The number of epochs is again determined by the user via the UI, it is suggested that the user use 1000 epochs to train the data as this is a good number to ensure that each neuron in the hidden layer is trained with a decent amount of the training data.

N-grams parsing

I parsed and hashed each ngram into the fixed size vector like so: public void process(String line, int ngrams, BufferedWriter bw) throws Exception { String[] record = line.split("@"); if (record.length > 2) return; // get rid of bad lines

	String text = record[0].toLowerCase();
	String language = record[1];
	// break line into ngrams
	// set vector
	for (int i = 0; i < NeuralNetwork.inputs; i++) {
		vector[i] = 0;
	}
	// issue with NGRAMS, since the number is smaller not sure about hashcode
	// honestly very hard to figure this thing out
	// should only be 235 in here
	if (text.length() < 235 * ngrams) {
		StringBuffer s = new StringBuffer(text.length());
		for (int i = text.length(); i < NeuralNetwork.inputs; i++) {
			s.append("1");
		}
		text += s.toString();
		System.out.println("TTTTTTTTTT" + text.length());
	}
	// issue here? issue with last line of file maybe it's > 235 - ngrams from
	// length maybe? * Ngrams for both this and above
	for (int i = 0; i < vector.length * ngrams; i += ngrams) {
		System.out.println(i);
		try {
			int hashcode = text.substring(i, ngrams + i).hashCode();
			int index = hashcode % vector.length;
			// think this maybe wrong
			vector[Math.abs(index) + 1] = index;
			// write out line to file
			Utilities.normalize(vector, -1, 1);
			bw.append(df.format(vector[Math.abs(index)]));
			bw.append(",");
			System.out.println("TEST of vector : " + i);
			System.out.println("INDEX: " + index);
		} catch (Exception e) {
			bw.append('0');
			bw.append(',');
		}

	}
	if (vector.length >= NeuralNetwork.inputs) {
		System.out.println("VECTOR LENGTH " + vector.length);
	}
	// use a counter to determine language of file so you can label it - issue may
	// be with counter
	if (!language.equalsIgnoreCase(lang[counter].toString()) && counter < 234) {

		// write out language label - this will fill in 235 values - don't know if it's
		// working
		for (int j = 0; j <= lang.length; j++) {
			System.out.println("LANGUAGE " + j);
			if (lang[counter].equals(lang[j])) {
				bw.append('1');
			} else {
				bw.append('0');
			}
			if (j == lang.length - 1) {
				bw.append("\n");
				break;
			}
			bw.append(',');
		}
		counter++;
	}
}

I will explain the code below:

I utilized a buffred reader to read in the file line by line then I passed the line, ngrams and the writer to the process function, from here I initialized the vector to equal all zeros. Once all this was finished I read in each ngram using the substring method on the line and hashed each ngram into the vector index and incremented said index by one. If the text < then the vector length I append 0s to make it equal to the vector length. I also let the user decide how many ngrams they want to parse the line into, I suggested 5 as it is very unlikely that the same 5 ngram will appear more than once, it is about (0.26 ^ 5)% likely to occur twice which is an extremely low number. I also allow the user to choose the vector size which I suggest is kept at 235 as there are 235 languages. My reasoning for keeping the vector size at 235 simply boils down to the processing time and the fact there are 235 languages, the larger the vector the longer it will take to fill up and to process. I ensured that the text was formatted correctly for Encog by ensuring that the csv file was formatted as follows: 235 columns and 235 rows. I only allowed 235 ngram hashcodes for the first part of the CSV row and the rest was filled with the language label which was a 1 for the language postion in the array followed by 235 zeros for the languages which were not the current language.
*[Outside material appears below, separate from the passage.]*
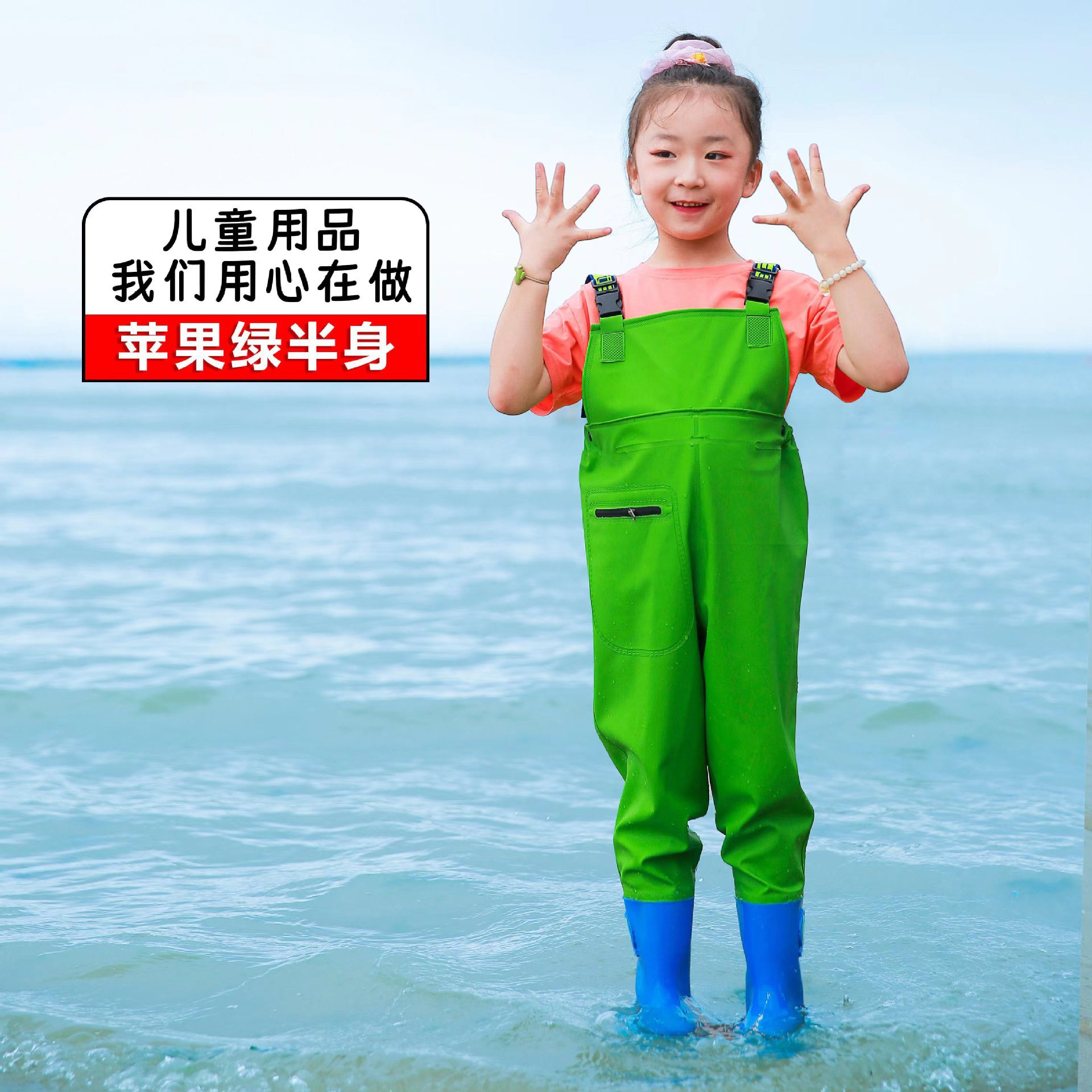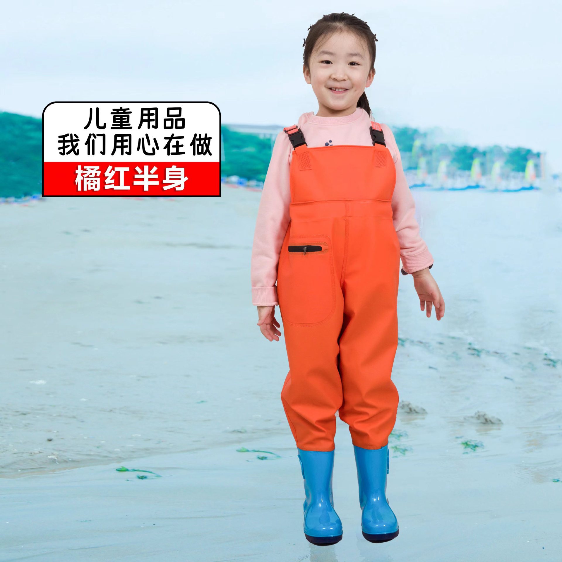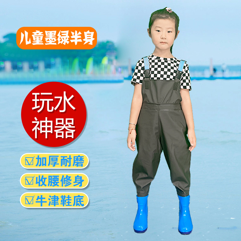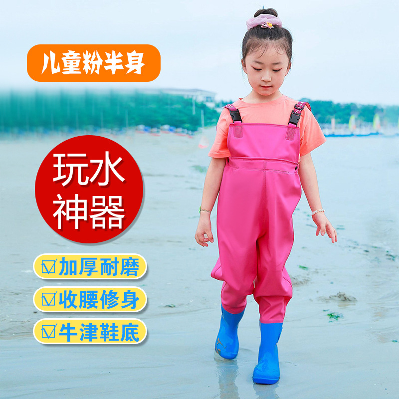 儿童连体雨裤涉水裤下水裤幼儿园玩沙衣服捕鱼小孩玩水雨鞋男女童

When reading in the Test file I basically did the same thing as I did when reading in the test file, excluding writing out the language label or making the text equal a certain number.

Neural Network Topology

What is an Artificial Neural Network?

An artificial neural network can be considered a weighted graph, that is to say if we imagine a layer of nodes all connected to another layer of N nodes each with a particular weight attached to each node then we have the basics of an artificial neural network.

Activation Functions

For the input and output layers I used a Softmax activation function and for the hidden layers I used RELU(Rectified Linear) as I found that this combination worked best for my neural network.

Number of Neurons & Explanation of topology & Network overall

For the input and output layers I decided to use 235 neurons as there are 234 languages and the array starts at 0 so in reality there are 235 languages. I then connected these to a hidden layer which had 90 neurons. Then once the topology was established I fed in the data to the neural network, to get the accuracy I compared the actual data to the neural networks ideal data, the percentage correct was 99.57446808510639% in the end and the only wrong answer comes from the dodgy line at the bottom of the CSV file. The neural network seems to be overfitted and has a hard time determing different language files, I tried my best to get the neural network to be as accurate as possible but with the limited dataset and my limited experience with encog I found that it was incredibly hard to get it to predict information accurately.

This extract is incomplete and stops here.